[Development of insulin reserves in the first 18 months in the insulin-dependent diabetic with or without remission of insulin-dependence].

It seems rational to consider that residual insulin secretion is one of the factors which determine the short-term course of inaugural type I diabetes. But what about the mid-term course? We evaluated prospectively the insulin reserve (fasting and post-prandial C peptide) in 52 patients throughout the subsequent development of the disease. The patients (36 men, 16 women, mean age 35 years), who presented with ketonuria and weight loss, received a 10-day course of intensive insulin therapy, after which a remission of insulin dependence was observed in 40 of them (77 per cent).
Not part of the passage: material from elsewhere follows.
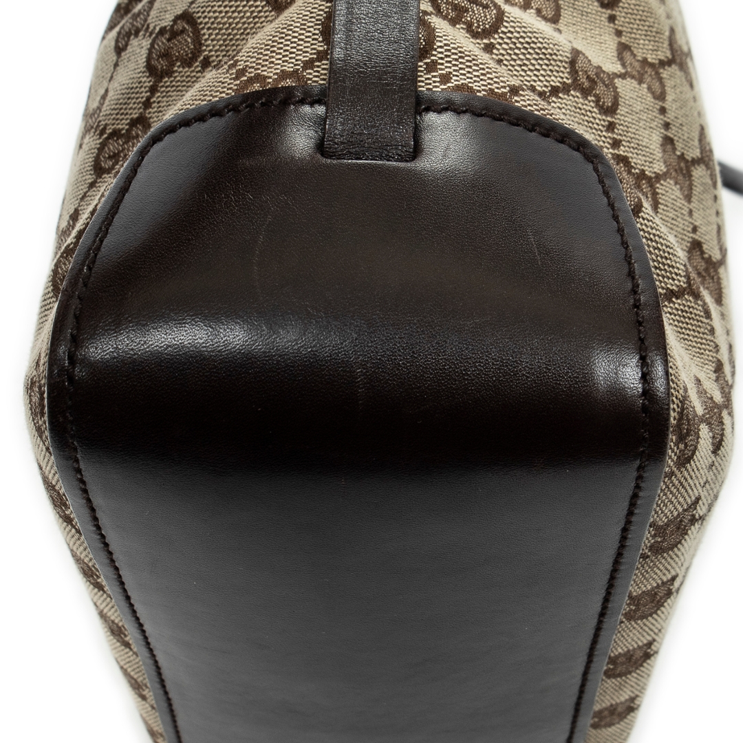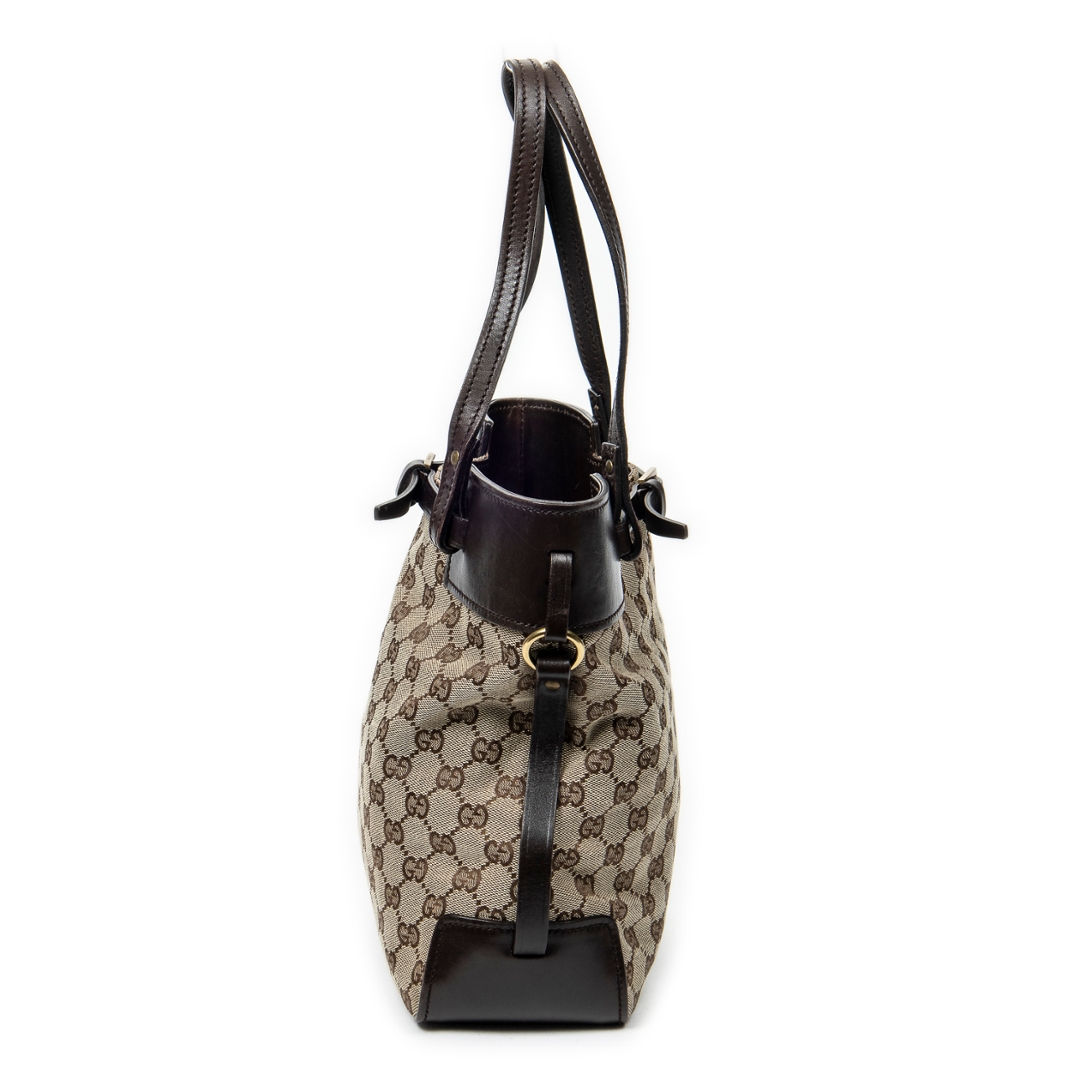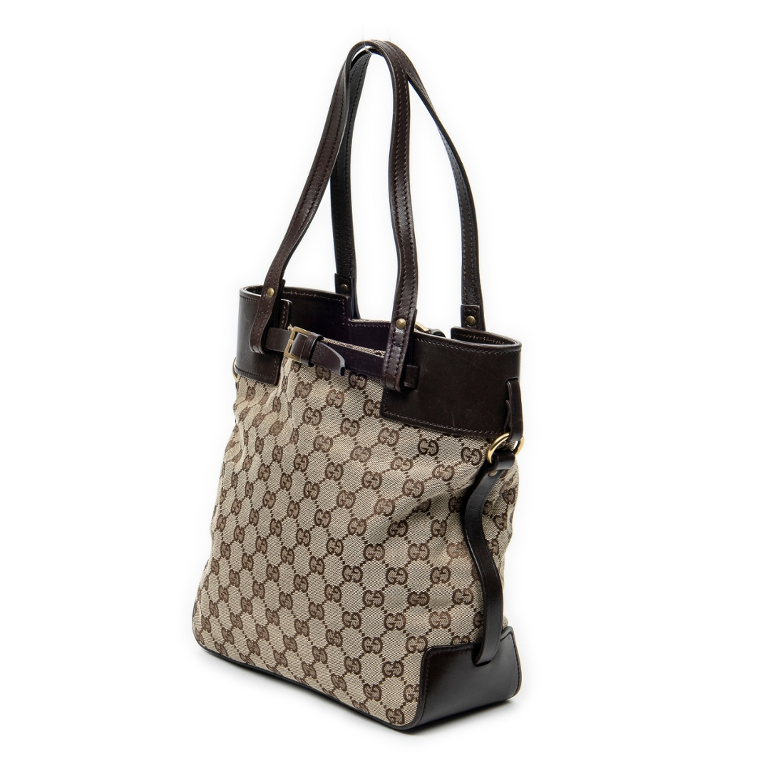 A vintage Gucci beige/brown canvas Tall Belt Tote bag with a certificate of authenticity, Approximately 25cm height, 25cm width.

These 40 patients differed from those who had no such remission in that they were heavier and had a better initial insulin secretion. There was no significant difference between the two groups with regards to immunogenetic markers (presence of anti-islet antibodies 28/35 vs 8/12, DR3 and/or DR4 tissue group 27/37 vs 8/10). Following intensive insulin therapy, the C peptide value was consistently increased. At 6, 12 and 18 months the insulin secretion in patients of the remission group remained stable and always higher than that of patients who did not have a remission and whose insulin secretion collapsed at 18 months. Another characteristic of the remission group was that C peptide secretion could be stimulated by meals throughout the follow-up period (post-prandial C peptide at 18 months: 0.63 nmol/l). It is concluded that residual insulin secretion is one of the most effective predictive factors of remission when type I diabetes is first diagnosed and remains stable for the first 18 months of the disease in patients who show a remission.